Женщина закрыла ранку краешком платка и поплелась к автобусной остановке. Город сиял мишурой, пах ёлками и бенгальскими огнями. Снега навалило много, и дороги встали. До полуночи оставалось тридцать минут. На остановке Зина подошла к телефону-автомату.
– Мама! Мама, ты слышишь меня?
– Дочка, ну где же ты? Скорее домой. Кравченко уже к бутылке прикладывается. Майонез купила?
– У меня рак, мама.
– Что? Не слышу! – на фоне раздавались крики детей и звон посуды.

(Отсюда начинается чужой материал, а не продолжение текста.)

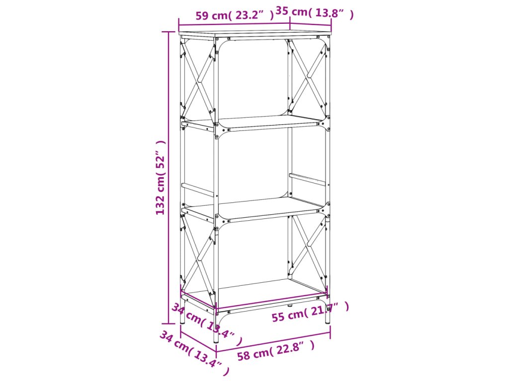 vidaXL Knižnica, 4 police, tmavý dub 59x35x132 cm, kompozitné drevo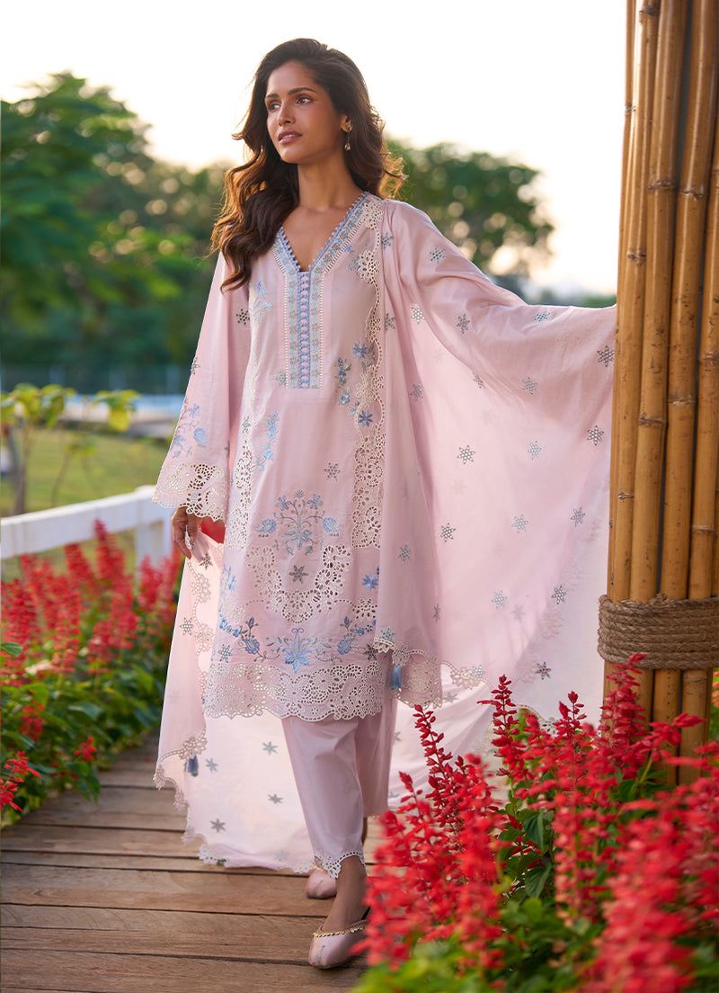 Light and graceful in a soft pink hue, this unstitched ensemble is crafted from pure cotton lawn, featuring delicate embroidered motifs scattered across the fabric for a refined, airy look. Intricately detailed borders and contrast accents in soft tones add depth and character to the design. Paired with a pure cotton cambric trouser and a voile dupatta that enhances its fluid feel, this set is ideal for fresh summer dressing with an elegant finish.

– Снега намело, говорю, скоро буду…
3311 смотрела, как Зина повесила трубку. Резиновые ноги не держали. Она пошатнулась и наверняка бы упала, но возле неё появился ангел. Зина не видела, не могла его видеть. Не верила, не ждала. Но он был там, чуть заметно мерцал фиолетовым. Поддержал за локоть, вдохнул тепла. Тяжёлые, мокрые хлопья снега оседали на его крыльях, переливались.
– Ты? – спросила 3311, не отводя глаз.
СИД кивнул. Ещё раз присмотрелся к БОТу. Её воспалённые глаза сочились капельницами цитостатиков. Он отвёл взгляд.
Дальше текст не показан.